The output is empty, because under `man` we only have `Mexico` as an entity. NER does not identify any other entity. So, `Mexico` does not have another pair to show a path. But, we can use `relationshipTypes` parameter to find a path between and unlabeled token and a labeled token, as we can see in the example below:

## Relationship Types

**relationshipTypes** allows us to find a path between an unlabeled token and a labeled token. To use this parameter, we need to set **explodEntities** parameter to `false`

In [None]:
graph_extraction = GraphExtraction() \
    .setInputCols(["document", "token", "ner"]) \
    .setOutputCol("graph") \
    .setExplodeEntities(False) \
    .setRootTokens(['man']) \
    .setRelationshipTypes(["man-LOC"])

graph_pipeline = Pipeline().setStages([document_assembler, 
                                       tokenizer,
                                       word_embeddings, 
                                       ner_tagger,
                                       graph_extraction])

In [None]:
graph_data_set = graph_pipeline.fit(data_set).transform(data_set)
graph_data_set.select("graph").show(truncate=False)

+------------------------------------------------------------------------------+
|graph                                                                         |
+------------------------------------------------------------------------------+
|[{node, 45, 47, man, {relationship -> man,LOC, path1 -> man,flat,Mexico}, []}]|
+------------------------------------------------------------------------------+



Currently, it searchs deep which means it will find relationships from the defined root to its labeled descendants. This means that if for example we set a relationship like `setRelationshipTypes(["successful-LOC"])` it won't output a path. 
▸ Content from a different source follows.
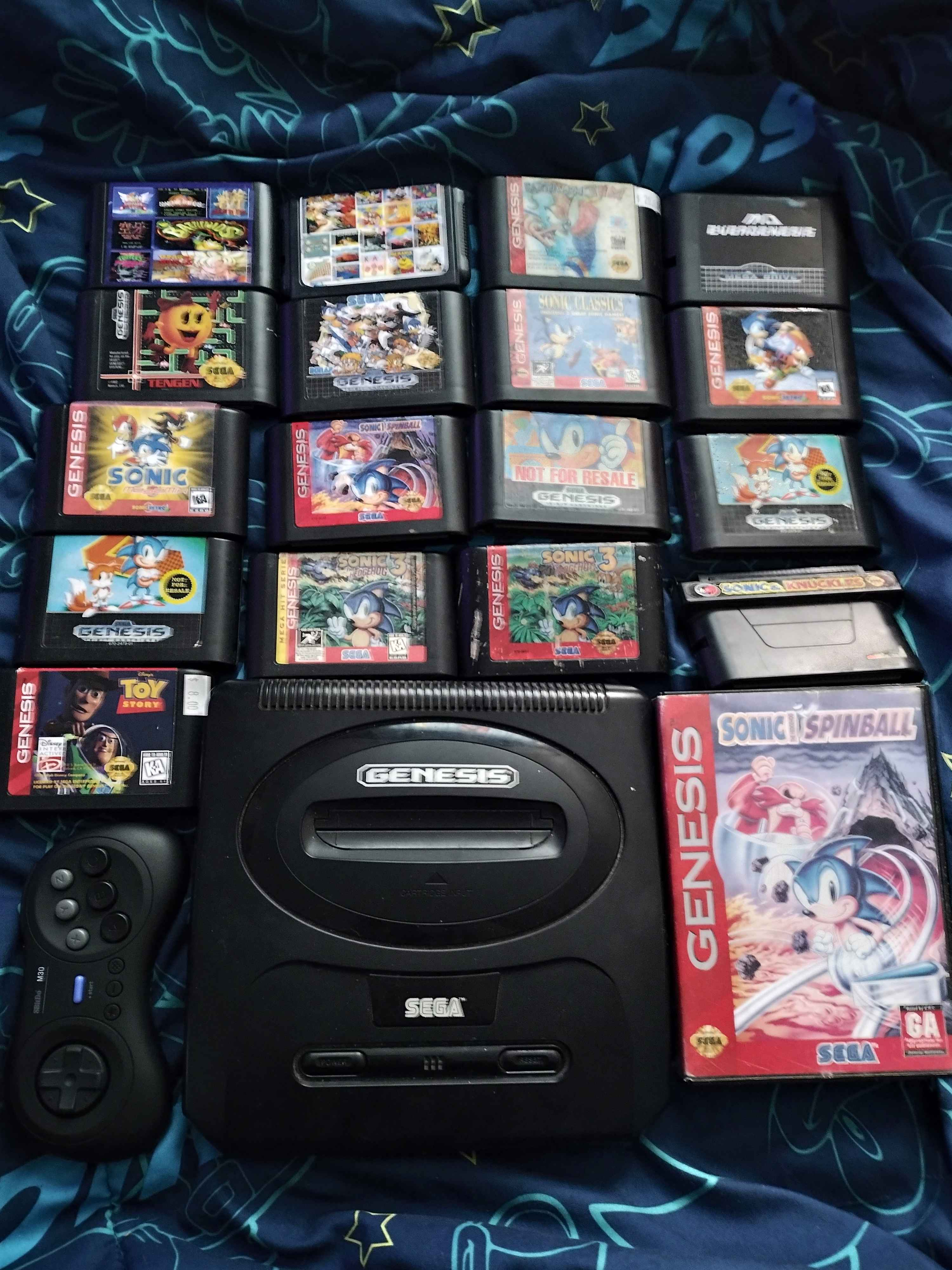 here’s my complete collection of genesis games n whatnot. sorry if the photo’s bad, my phone sux and my hands are a bit shaky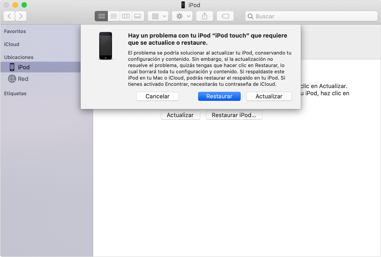1. Busca tu iPod touch en la computadora. Cuando veas la opción de restaurar o actualizar, selecciona Restaurar. El Finder o iTunes descargarán el software en el iPod touch. Si el proceso tarda más de 15 minutos, el iPod touch saldrá del modo de recuperación y deberás seleccionar el modelo del iPod touch arriba para repetir los pasos y eliminar el código.

So, a requirement to use `setRelationshipTypes` is that the unlabeled token in the relationship has to be an ancestor node. Remember to use hyphen to separate the pair `["unlabeled_token-labeled_token"]`

## More Entities more Relations

Following the example above, we can set a root token and let other parameters as default to get an output. However, we need a different sentence that produces a deeper dependency tree with descendants that have labeled tokens. If we tweak the sentence as shown below, we can make it work:

In [None]:
text = ['Peter was born in Mexico and very successful in Queens.']
data_set = spark.createDataFrame(text, StringType()).toDF("text")
data_set.show(truncate=False)

+-------------------------------------------------------+
|text                                                   |
+-------------------------------------------------------+
|Peter was born in Mexico and very successful in Queens.|
+-------------------------------------------------------+



As we can see in this [visualization notebook ](https://colab.research.google.com/drive/1BbLeRBjHxqIvcz8812ckwk5gNc2es383?usp=sharing), now we have a labeled token (`Queens`) at a deeper level. So, we can use it safely to get a path from another root.

In [None]:
graph_extraction = GraphExtraction() \
    .setInputCols(["document", "token", "ner"]) \
    .setOutputCol("graph") \
    .setRootTokens(['Mexico'])


graph_pipeline = Pipeline().setStages([document_assembler, 
                                       tokenizer,
                                       word_embeddings, 
                                       ner_tagger,
                                       graph_extraction])

In [None]:
graph_data_set = graph_pipeline.fit(data_set).transform(data_set)
graph_data_set.select("graph").show(truncate=False)

+---------------------------------------------------------------------------------------------------------------------------+
|graph                                                                                                                      |
+---------------------------------------------------------------------------------------------------------------------------+
|[{node, 18, 23, Mexico, {entities -> LOC,LOC, left_path -> Mexico, right_path -> Mexico,amod,successful,nsubj,Queens}, []}]|
+---------------------------------------------------------------------------------------------------------------------------+